**TRY IT**
Below are the entries; transcribe them exactly and drop every picture.

**DATA FOR THIS TASK**
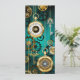 Jewellery, gold watch with a gold chain and keys on a green textural background. Steampunk style.
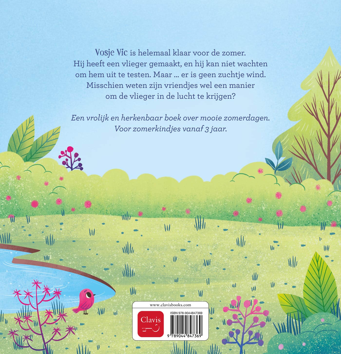 Vosje Vic is helemaal klaar voor de zomer. Hij heeft een vlieger gemaakt, en hij kan niet wachten om hem uit te testen. Maar … er is geen zuchtje wind. Misschien weten zijn vriendjes wel een manier om de vlieger in de lucht te krijgen?
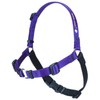 The original SENSE-ation Harness is a no-pull dog harness that works wonders for positive reinforcement dog training, or just taking gentler walks with your pooch. The SENSE-ation Harness comes in seven sizes and two colors - dark purple (with a black belly strap) or all black. An instruction booklet comes with all SENSE-ation Harnesses. The SENSE-ation is similar to the SENSE-ible Harness in design, however the SENSE-ation uses a custom Softouch polyester webbing for added comfort. The SENSE-ation Harness also features Duraflex plastic hardware, instead of metal. The O-rings on the chest and sides are nickel plated steel for extra durability. The curved side-release buckle and strap keepers are a plus. The girth strap, also called a "belly strap" comes in a coordinating color, making it easy to identify, and therefore easier to put on. The SENSE-ation Harness stops your dog from pulling, without choking, stress or otherwise harming your pet. You can use it right away - there is no acclimation period. Best of all, the SENSE-ation Harness is a favorite of positive reinforcement dog trainers and humane societies worldwide. Awarded "Gear of the Year" by The Whole Dog Journal, 2003. Using a flexible measuring tape, measure from just behind the front legs all the way around your dog. You are measuring the circumference of the body just behind the front legs, like performing a chest or belt measurement on a human. X-Large 1 Inch Width 39 - 50 Inch girth*. Large - 1 Inch Width 32 - 40 Inch girth*. Large -3/4 Inch Width 31 - 40 Inch girth*. Medium/Large - 1 Inch Width 27 -32.5 Inch girth*. Med /Large - 3/4 Inch Width 26 - 32 Inch girth*. Medium - 1/2 Inch Width 24 - 28 Inch girth*. Small - 5/8 Inch Width 20 - 24.5 Inch girth*. X-Small - 7/16 Inch Width 16.5 - 20.5 Inch girth*. Mini - 7/16 Inch Width 13 - 16.5 Inch girth*. * If the measurement falls within two harnesses, we suggest the larger size. Example: 20" girth = Small.
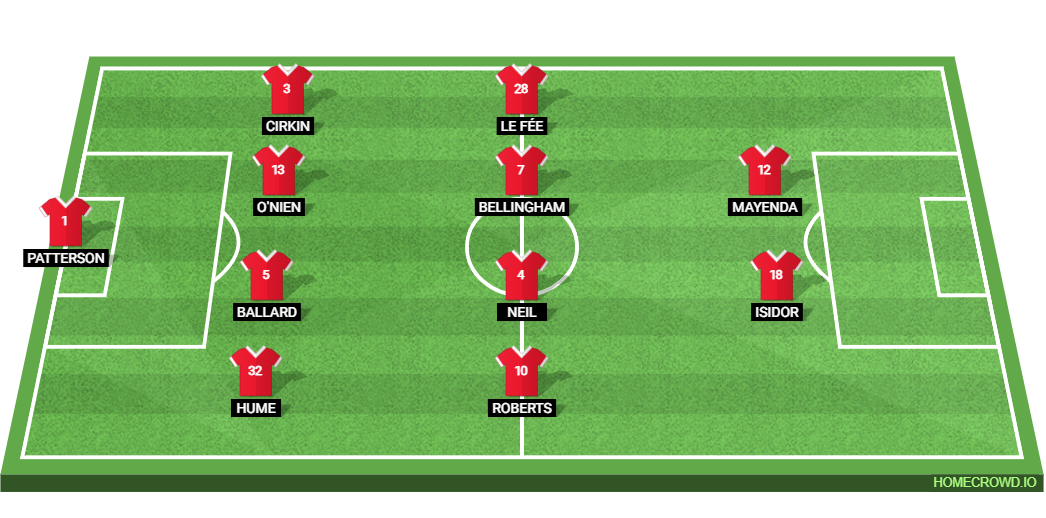 Probable Lineup (4-4-2): Patterson; Hume, Ballard, O’Nien, Cirkin; Roberts, Neil, Bellingham, Le Fee; Mayenda, Isidor
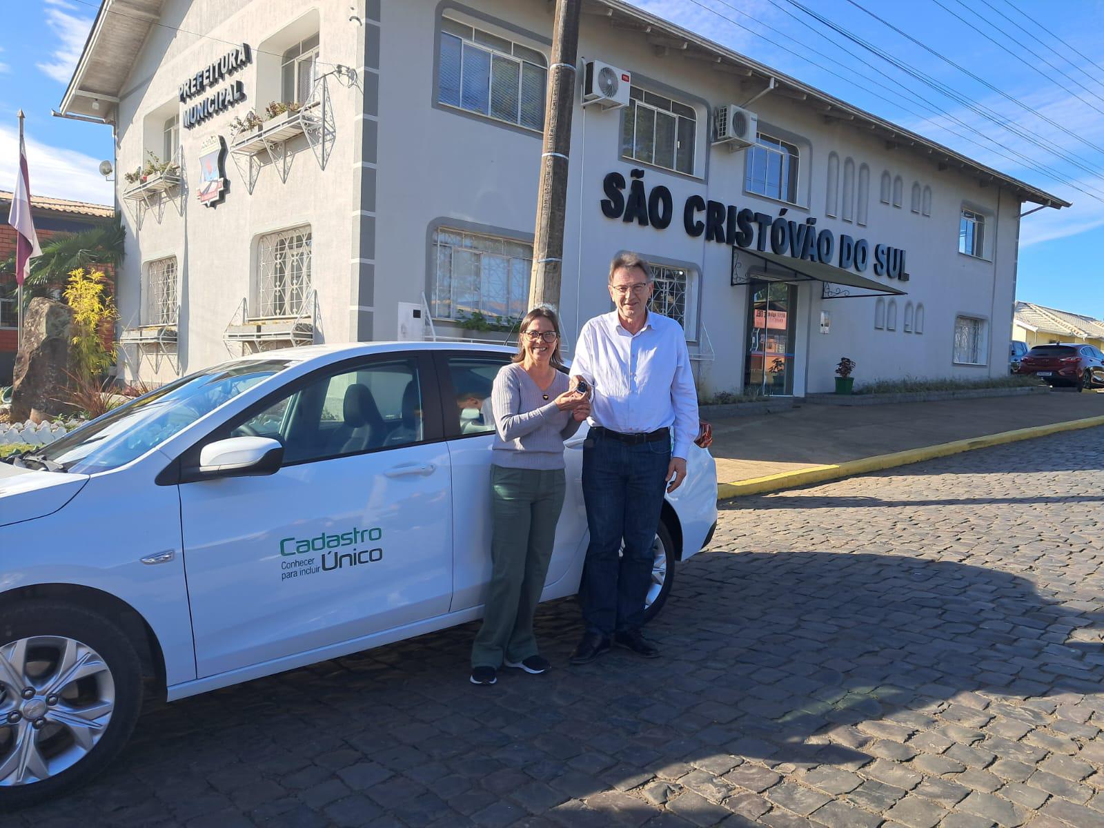 Na última semana, a Secretaria de Assistência Social do município de São Cristóvão do Sul foi contemplado com um veículo Ônix LTZ Sedan zero quilômetro, o automóvel foi adquirido com recurso do Governo Federal, através do Índice de Gestão Descentralizada do Programa Bolsa Família e Cadastro Único (IGD- PBF) no valor de R$ 120 mil. A entrega oficial do Ônix LTZ Sedan foi realizada pelo prefeito Jaime Cesca e pelo vice-prefeito Jucerlei Negrini (Chiquinho).
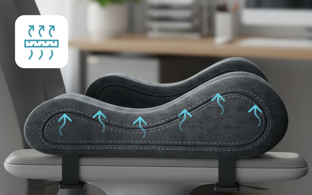 The arm pads are so soft! They made a huge difference at my desk. My elbows feel cushioned, not stiff or achy.
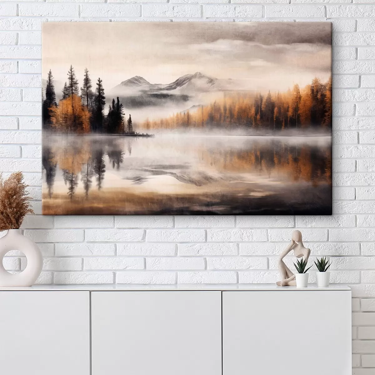 Картина Туманний фактурний озерний пейзаж з соснами та горами, хмарне сіре небо Арт. s44856
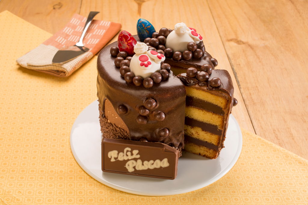Monte o bolo em uma assadeira alta, intercalando fatias de bolos com o recheio. Retire o bolo da assadeira e com o auxílio de uma espátula passe uma camada fina do próprio recheio em todo o bolo. Espalhe a cobertura sobre o bolo deixando cair pelas laterais. Passe os Flocos Crocantes em toda base do bolo. Modele dois coelhos como se estivessem dentro do bolo e para o detalhe da patinha tinja a Pasta Americana com o corante em gel vermelho.
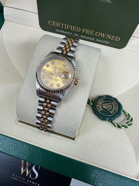 STUNNING CONDITION , A GENUINE ROLEX WATCH THAT HAS BEEN CHERISHED WITH THE CHAMPAGNE CUSTOM STONE DIAL
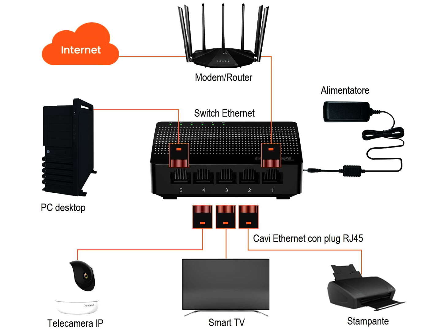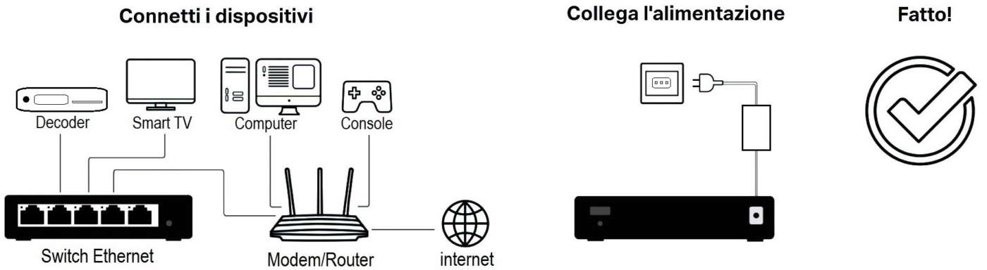 Si collega al modem/router con un cavo di rete a doppini twistati (Cat.5e, 6, 7, ecc.) e mette a disposizione 4, 7 o più prese RJ45 (Base-T) per collegare qualsiasi dispositivo con interfaccia Ethernet come Tv, decoder, soundbar, PC, stampante, console videogiochi, centralina antifurto, telecamera di sorveglianza, ecc.

**WORKED SOLUTION**
 Jewellery, gold watch with a gold chain and keys on a green textural background. Steampunk style.
 Vosje Vic is helemaal klaar voor de zomer. Hij heeft een vlieger gemaakt, en hij kan niet wachten om hem uit te testen. Maar … er is geen zuchtje wind. Misschien weten zijn vriendjes wel een manier om de vlieger in de lucht te krijgen?
 The original SENSE-ation Harness is a no-pull dog harness that works wonders for positive reinforcement dog training, or just taking gentler walks with your pooch. The SENSE-ation Harness comes in seven sizes and two colors - dark purple (with a black belly strap) or all black. An instruction booklet comes with all SENSE-ation Harnesses. The SENSE-ation is similar to the SENSE-ible Harness in design, however the SENSE-ation uses a custom Softouch polyester webbing for added comfort. The SENSE-ation Harness also features Duraflex plastic hardware, instead of metal. The O-rings on the chest and sides are nickel plated steel for extra durability. The curved side-release buckle and strap keepers are a plus. The girth strap, also called a "belly strap" comes in a coordinating color, making it easy to identify, and therefore easier to put on. The SENSE-ation Harness stops your dog from pulling, without choking, stress or otherwise harming your pet. You can use it right away - there is no acclimation period. Best of all, the SENSE-ation Harness is a favorite of positive reinforcement dog trainers and humane societies worldwide. Awarded "Gear of the Year" by The Whole Dog Journal, 2003. Using a flexible measuring tape, measure from just behind the front legs all the way around your dog. You are measuring the circumference of the body just behind the front legs, like performing a chest or belt measurement on a human. X-Large 1 Inch Width 39 - 50 Inch girth*. Large - 1 Inch Width 32 - 40 Inch girth*. Large -3/4 Inch Width 31 - 40 Inch girth*. Medium/Large - 1 Inch Width 27 -32.5 Inch girth*. Med /Large - 3/4 Inch Width 26 - 32 Inch girth*. Medium - 1/2 Inch Width 24 - 28 Inch girth*. Small - 5/8 Inch Width 20 - 24.5 Inch girth*. X-Small - 7/16 Inch Width 16.5 - 20.5 Inch girth*. Mini - 7/16 Inch Width 13 - 16.5 Inch girth*. * If the measurement falls within two harnesses, we suggest the larger size. Example: 20" girth = Small.
 Probable Lineup (4-4-2): Patterson; Hume, Ballard, O’Nien, Cirkin; Roberts, Neil, Bellingham, Le Fee; Mayenda, Isidor
 Na última semana, a Secretaria de Assistência Social do município de São Cristóvão do Sul foi contemplado com um veículo Ônix LTZ Sedan zero quilômetro, o automóvel foi adquirido com recurso do Governo Federal, através do Índice de Gestão Descentralizada do Programa Bolsa Família e Cadastro Único (IGD- PBF) no valor de R$ 120 mil. A entrega oficial do Ônix LTZ Sedan foi realizada pelo prefeito Jaime Cesca e pelo vice-prefeito Jucerlei Negrini (Chiquinho).
 The arm pads are so soft! They made a huge difference at my desk. My elbows feel cushioned, not stiff or achy.
 Картина Туманний фактурний озерний пейзаж з соснами та горами, хмарне сіре небо Арт. s44856
Monte o bolo em uma assadeira alta, intercalando fatias de bolos com o recheio. Retire o bolo da assadeira e com o auxílio de uma espátula passe uma camada fina do próprio recheio em todo o bolo. Espalhe a cobertura sobre o bolo deixando cair pelas laterais. Passe os Flocos Crocantes em toda base do bolo. Modele dois coelhos como se estivessem dentro do bolo e para o detalhe da patinha tinja a Pasta Americana com o corante em gel vermelho.
 STUNNING CONDITION , A GENUINE ROLEX WATCH THAT HAS BEEN CHERISHED WITH THE CHAMPAGNE CUSTOM STONE DIAL
 Si collega al modem/router con un cavo di rete a doppini twistati (Cat.5e, 6, 7, ecc.) e mette a disposizione 4, 7 o più prese RJ45 (Base-T) per collegare qualsiasi dispositivo con interfaccia Ethernet come Tv, decoder, soundbar, PC, stampante, console videogiochi, centralina antifurto, telecamera di sorveglianza, ecc.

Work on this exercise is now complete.